Os partidos políticos realizam, aparentemente, a função mediadora
entre sociedade civil e Estado, via representação política. Esse processo é,
por sua vez, organizado pelo aparato estatal via criação dos processos
legislativos, eleitorais, parlamentos, etc. Os partidos políticos são
constrangidos, tanto pelo aparato estatal quanto por seus próprios interesses,
a criarem uma máquina organizativa, burocrática. A formação dos partidos
políticos significa, simultaneamente, a burocratização das formas organizativas
anteriores, que é acompanhada também por sua mercantilização. É por isso que
tanto os partidos conservadores quanto os progressistas se tornam organizações
burocráticas, apesar das diferenças entre ambos.

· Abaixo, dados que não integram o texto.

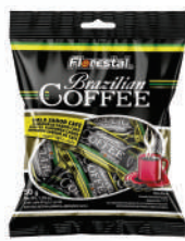
Brazilian Coffe 82510 | 50g
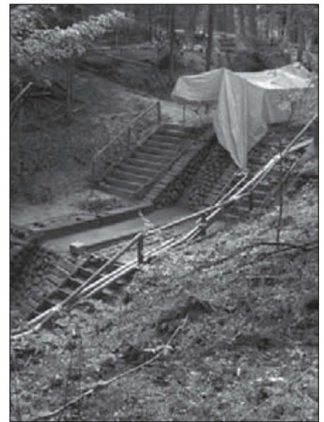
Geen Loenense waterval ditmaal

+++ De tweede wandeldag liep ik met plezier een vertraging van een half uur op, omdat ik toen opliep met Greet Meenken. Deze mevrouw van 86 lentes stond die dag in een landelijk dagblad.
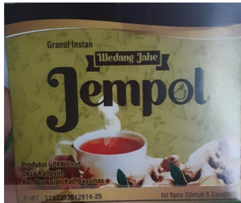
Gambar 2.3 Produk Jempol

Jahe emprit memiliki banyak khasiat antara lain sebagai campuran obat tradisional sebagai karminatif dan stimulan, penambah nafsu makan, tonik lambung, peluruh dahak, peluruh haid, pencegah mual, penurun tekanan darah, menghilangkan lelah, meningkatkan stamina, mencegah infeksi pada luka. Ekstrak jahe emprit mengandung senyawa gingerol, shogaol, dan zingerone yang memiliki aktivitas sebagai antioksidan, antiinflamasi, analgesik dan antikarsinogenik (Syarifah et al. , 2020).

O caráter burocrático dos partidos conservadores não traz
nenhuma estranheza, mas isso ocorre no caso dos partidos progressistas. No
fundo, a questão é que a força da burocracia é diferente em ambos os casos. Os
partidos conservadores são organizações burocráticas, mas trata-se de uma
burocracia moderada e inteiramente subordinada à burguesia. No caso dos partidos
progressistas, especialmente os que se denominam “social-democratas”,
“comunistas”, “socialistas”, “operários”, dos “trabalhadores”, trata-se de uma
burocracia relativamente autonomizada e que busca maior autonomização. A
burocratização é o objetivo fundamental dos partidos progressistas e é um
objetivo secundário nos partidos conservadores.

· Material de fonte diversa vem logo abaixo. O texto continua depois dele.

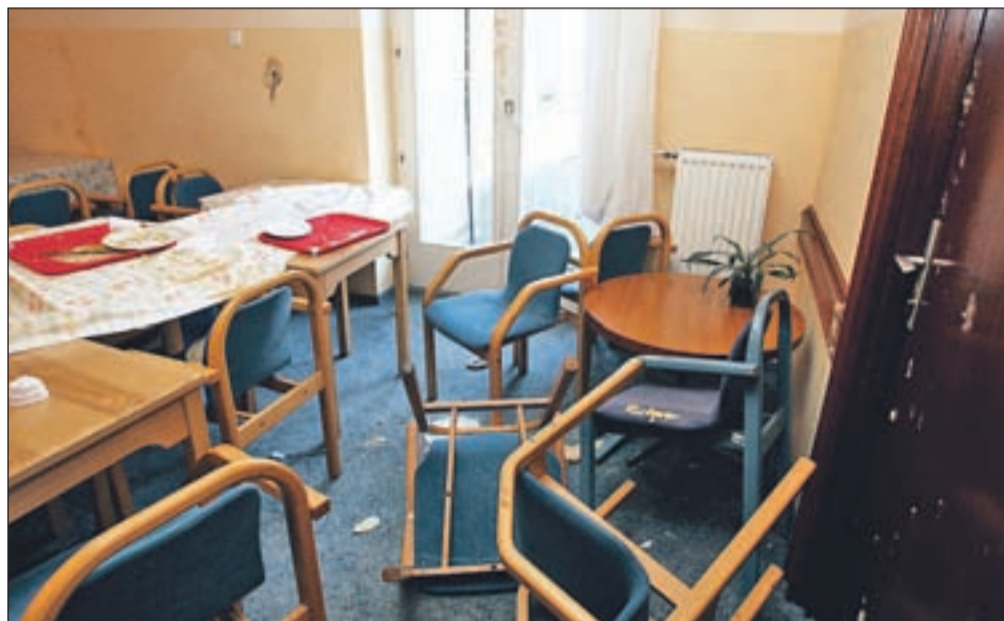
Prevrnili so mize in stole, s hrano popackali stene in tla, razbijali krožnike ...

Jesenice - V sredo nas je zgrožen poklinal Aleksander Ažman, lastnik jeseniške restavracije Kazina, kjer pripravljajo dijaške malice za dijake bližnje Srednje šole Jesenice. Okrog pol desetih dopoldne, to je v času dijaške malice, je namreč skupina dijakov povsem uničila jedilnico v restavraciji - prevrnili so mize in stole, s hrano popackali stene in tla, razbijali krožnike ... Spravili so se tudi na steno pred vhodom v restavracijo, ki so jo popolnoma razbili in vanjo naredili več kot meter veliko luknjo ... Lastnik restavracije, v kateri vsak dan pripravljajo dijaške malice za petsto do petsto petdeset dijakov, je zgrožen. "Začelo se je pred kakšnim mesecem dni, ko smo opazili, da se v času malice dijaki obmetavajo s hrano, uničujejo inventar. O problemu sem takoj obvestil ravnatelja šole in policijo, prosil sem tudi, naj v času malic šola zagotovi učitelje, da bodo nadzirali dijake. A ukrepal ni nihče, gre za mladoletne osebe, starši si zatiskajo oči, učitelji pa naj ne bi bili zadolženi za to, da nadzirajo dijake v času malice," je povedal Aleksander Ažman.

Isso remete ao problema da classe burocrática. A burocracia
é uma classe social (VIANA, 2018; VIANA, 2015a) e possui diversas frações e
divisões internas. A burocracia tem o controle como atividade fixa derivada de
sua posição na divisão social do trabalho (VIANA, 2018; VIANA, 2015a). Nós
podemos dividir a burocracia por suas frações: burocracia estatal, burocracia
empresarial, burocracia universitária, burocracia eclesiástica, burocracia
partidária, burocracia sindical, etc. E podemos realizar subdivisões: a
burocracia estatal é dividida em uma burocracia estatutária (que é permanente,
pois seu meio de acesso é concurso público) e uma burocracia governamental (cujo
meio de acesso é via eleições ou nomeação). Essa divisão, no entanto, não
esgota a complexidade, pois existem outras divisões. Dentre elas destacaríamos
apenas dois exemplos: a divisão entre os estratos de renda e a que ocorre na
posição de poder dentro de determinada organização burocrática. Por estratos de
renda, que é meramente quantitativa e delimitada apenas no âmbito salarial,
temos a alta burocracia, a média burocracia e a baixa burocracia. No plano da
posição de poder no interior de uma organização burocrática, podemos observar a
existência de uma burocracia superior e inferior (que podem ter divisões e
subdivisões, por sua vez).
Aqui nos interessa uma fração específica da burocracia, a
partidária. Os partidos políticos são organizações burocráticas criadas no
capitalismo e cuja função é controlar a participação individual no processo
eleitoral e democracia representativa e, uma vez existindo, passa a gerar uma
nova fração da classe burocrática, cujo interesse fundamental é sua reprodução
ampliada e a conquista do poder estatal. Assim, a burocracia partidária efetiva
um processo de controle dentro dos partidos políticos. No caso dos partidos
conservadores (direita), o que predomina é geralmente a alta burocracia, mais
estruturalmente subordinada à burguesia, tanto no interior do partido quanto no
conjunto da sociedade. Nos partidos progressistas (esquerda), há o predomínio
da média ou baixa burocracia (a baixa burocracia é mais forte nos progressistas
extremistas, como no caso dos partidos bolchevistas e a média burocracia tende
a ser mais forte nos progressistas moderados, como ocorre nos partidos
social-democratas). A burocracia partidária é mais forte e com maior capacidade
dirigente nos partidos progressistas, pois a ausência relativa da burguesia e
sua maior autonomia possibilitam isso.
Quais são os interesses dos partidos políticos? Os
interesses dos partidos é o daqueles que o fazem existir, especialmente
daqueles que tomam as decisões no seu interior: a burocracia. E o interesse da
burocracia é burocratizar, ou seja, intensificar o controle (interno e externo)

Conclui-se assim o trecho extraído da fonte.